French employment office (or Pôle emploi): an example of a typical implementation
Bull was recently responsible for rolling out PCM and the ABC method in a vast project commissioned by the French employment office. The result of a merger between the unemployment agency ANPE (Agence Nationale Pour l’Emploi) and the French unemployment benefits office, the Assédic, Pôle emploi had to overhaul all its business processes and wanted, as a result, to completely review the calculation of its costs using the ABC method. In September 2008, Bull was given the task of implementing a local model in 23 regions, as well as a consolidated national model. In order to take the value of the organization into account, and to translate the different costs as accurately as possible, it was necessary to go outside the strict framework provided by the ABC method and set up composite or derived cost drivers, obtained by carrying out a series of preliminary calculations. Completed in June 2009, this project, known as CAB (Comptabilité Analytique et Budgétaire or Analytical and Budgetary Accounting), offers regions much greater control over their operating costs, greater visibility to identify discrepancies between cost forecasts and real costs. Also, it is now possible to compare costs between regions and identify good practice (such as on-line registration). Pôle emploi now knows the cost price of its various services, and can account for the way credits allocated to its various initiatives have been used, and inform State and social partners alike.

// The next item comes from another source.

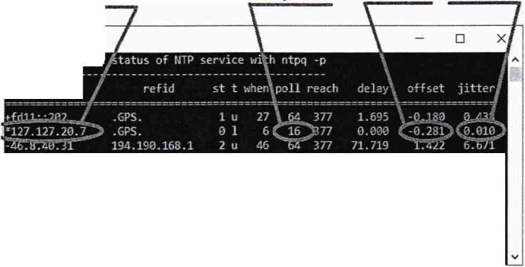 На рабочем столе комплекса выбрать пиктограмму «Статус NTP». В появившемся тексте (Рисунок 2) следует найти строку, начинающуюся со знака * либо %, и зафиксировать величины offset (текущее значение смещения в миллисекундах относительно шкалы времени NTP-источника), и jitter (среднеквадратичное отклонение в миллисекундах значений смещения при периодической подстройке).

Using ABC and PCM in this kind of way is becoming increasingly common. Another new, innovative and potentially very valuable application is also emerging, with a number of major businesses already using these approaches to assess their carbon footprint. Instead of financial indicators, the drivers are expressed as the amount of CO2 consumed (or offset) by a particular process. By way of an analogy, you can offset these ‘carbon costs’ via the cost drivers throughout the entire product lifecycle to obtain a full status report, including not just the manufacture and transport, but also the energy consumption of IT systems, heating and lighting of premises, right through to recycling.